── Source data ──

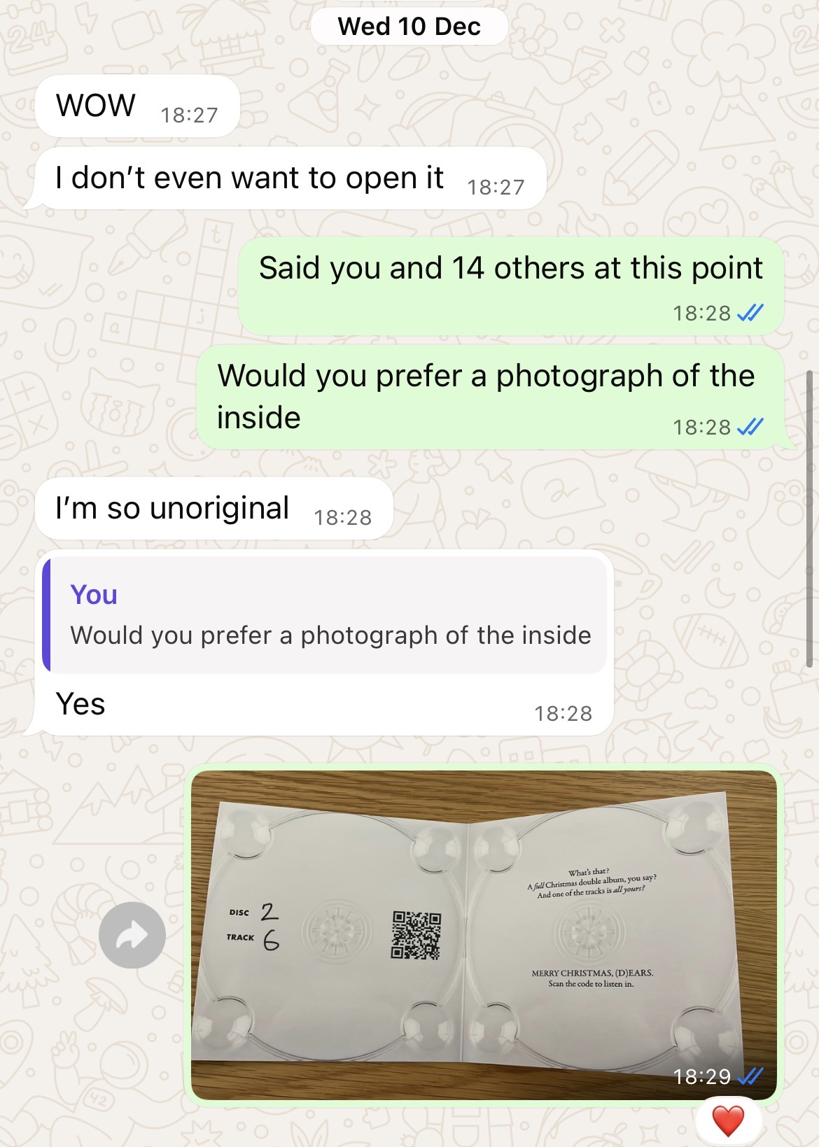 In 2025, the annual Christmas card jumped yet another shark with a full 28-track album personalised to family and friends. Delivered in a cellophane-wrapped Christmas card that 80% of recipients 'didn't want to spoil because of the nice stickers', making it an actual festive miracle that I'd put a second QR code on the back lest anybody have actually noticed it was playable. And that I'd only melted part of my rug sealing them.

───
── Source data ──

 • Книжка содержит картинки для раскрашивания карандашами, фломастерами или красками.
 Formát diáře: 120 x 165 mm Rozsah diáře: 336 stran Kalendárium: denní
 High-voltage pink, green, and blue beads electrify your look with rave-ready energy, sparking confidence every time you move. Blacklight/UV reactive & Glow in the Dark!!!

───

Set down again, word for word, the stretch of records from the line with "фломастерами или красками." to the line with "High-voltage pink, green, and", both of those lines included.

 • Книжка содержит картинки для раскрашивания карандашами, фломастерами или красками.
 Formát diáře: 120 x 165 mm Rozsah diáře: 336 stran Kalendárium: denní
 High-voltage pink, green, and blue beads electrify your look with rave-ready energy, sparking confidence every time you move. Blacklight/UV reactive & Glow in the Dark!!!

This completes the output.